In the tradition of 17th-century Dutch group portraiture, Music in the Tuileries Gardens (1862) includes family members, friends and major cultural figures (and a rare self-portrait): Zacharie Astruc, Jacques Offenbach, Henri Fantin Latour, Théophile Gautier and Charles Baudelaire. But here the subject is ultra modern, and the style experimental, as Manet paints in blocks of colour and works with broken brushwork.
Aesthetically, apart from radicalised subject matter, what shocked Manet's audiences was his technical audacity. The relative shallowness of the picture space emphasised a feeling both of proximity and self-awareness on the spectator's part, as the viewer is drawn close to the picture plane. Critics read Manet's accentuation of the flatness of the picture surface as a failure of technique; they could not understand an artist who appeared to cultivate ineptitude.
In 1863, his
Déjeuner sur l'Herbe
, shown at the Salon des Réfusés to outraged audiences, was a watershed. Inappropriate juxtapositions were noted, and he was criticised for poor composition. But these features were exactly what Manet wanted: to bring the unexpected and the contradictory together, to show the complexity of modern life. Although the painting alluded to the tradition of the
fête champêtre
garden party, in which the dressed and undressed were gracefully combined, Manet's
Déjeuner
discomfited audiences with its contrasts: its nudity and dress, its idealised imagery of the past from the uncomfortable reality of the present, its absence of a moral message and its critique of French social views on women and sexuality.
Manet was so far ahead of his contemporaries in drawing attention to art as art, and not, as hitherto, a transparent window on the world. His bravura handling of pigment led the way to modern, even non-representational art. Notwithstanding his painterly references to Rubens, Velázquez and Titian, he marks an abrupt rupture with the past, technically, conceptually and aesthetically.
The Portrait of Zola (1868) shows Zola at his desk, with his accoutrements as a writer and a critic. Manet and Zola were very close and Zola's support, as a friend and a critic, was crucial to Manet in the face of censure and rejection. Intriguingly, Zola wrote a piece about the experience of being a model that was reproduced as a pamphlet in 1867, visible on the desk. Here, signed by Manet, the pamphlet also carries the painter's signature in a referential way.The Japanese screen on the left, and the Kuniaki II woodblock, show, in part, from where Manet derived ideas for challenging traditional western perspective.

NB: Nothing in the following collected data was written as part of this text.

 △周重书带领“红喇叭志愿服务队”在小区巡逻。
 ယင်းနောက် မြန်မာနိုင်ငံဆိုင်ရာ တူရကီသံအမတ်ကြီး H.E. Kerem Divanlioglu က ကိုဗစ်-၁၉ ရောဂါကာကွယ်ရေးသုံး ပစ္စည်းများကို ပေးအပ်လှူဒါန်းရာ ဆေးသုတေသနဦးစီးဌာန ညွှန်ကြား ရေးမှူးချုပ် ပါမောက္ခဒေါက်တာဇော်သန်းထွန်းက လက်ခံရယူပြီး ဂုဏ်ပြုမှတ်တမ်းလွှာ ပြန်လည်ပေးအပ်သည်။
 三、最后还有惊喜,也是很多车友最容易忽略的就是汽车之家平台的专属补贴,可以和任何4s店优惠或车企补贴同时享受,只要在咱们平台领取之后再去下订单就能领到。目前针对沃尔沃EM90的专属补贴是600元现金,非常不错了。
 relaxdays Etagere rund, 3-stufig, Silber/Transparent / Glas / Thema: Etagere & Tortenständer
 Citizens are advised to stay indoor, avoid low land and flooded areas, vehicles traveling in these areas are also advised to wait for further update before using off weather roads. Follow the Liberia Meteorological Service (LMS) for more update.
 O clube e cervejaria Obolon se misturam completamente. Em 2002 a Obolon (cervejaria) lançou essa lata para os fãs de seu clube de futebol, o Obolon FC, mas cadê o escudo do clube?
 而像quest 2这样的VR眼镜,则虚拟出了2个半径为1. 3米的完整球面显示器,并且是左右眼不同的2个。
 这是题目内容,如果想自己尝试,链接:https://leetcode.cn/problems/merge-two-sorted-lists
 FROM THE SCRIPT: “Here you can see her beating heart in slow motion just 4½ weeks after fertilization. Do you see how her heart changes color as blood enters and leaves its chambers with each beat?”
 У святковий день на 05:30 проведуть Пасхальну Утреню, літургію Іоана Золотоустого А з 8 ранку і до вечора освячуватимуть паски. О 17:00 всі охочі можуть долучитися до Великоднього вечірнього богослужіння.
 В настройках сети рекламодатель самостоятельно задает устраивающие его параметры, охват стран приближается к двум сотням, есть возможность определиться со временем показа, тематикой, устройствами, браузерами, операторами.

The bold cut-off quality is also, of course, partially attributable to the influence of photography.
When Daguerre and Talbot launched photography in 1839, Paul Delaroche pronounced: "From today, painting is dead!" But while the coincidence of the birth of photography and the crisis of painting is inseparable, and while photography did disrupt the course of painting, it did not extinguish it, indeed it may even have given it new life, opening the doors to radical formal experimentation.
It was not simply that Manet was able to use photographs of Georges Clemenceau in a preparatory capacity when painting the politician's portrait, but being released from mimetic imperatives, when painting his harrowing portrait of Berthe Morisot in mourning, he produced a work of extraordinary viscerality, long before the concept of expressionism was conceived.
The scale of some of the portraits is unexpected. The inconsequential figure, The Street Singer is as large as the important personage of Clemenceau. And it is interesting to see our own George Moore there. Manet did three portraits of Moore around 1879; this one shows the writer in the garden of the artist's studio.
Moore started out in the École des Beaux-Arts, but once he realised the arduous training involved, informed his valet that he would be painting no more. He championed both Zola and Manet, and promoted Manet as the exemplar of the modern.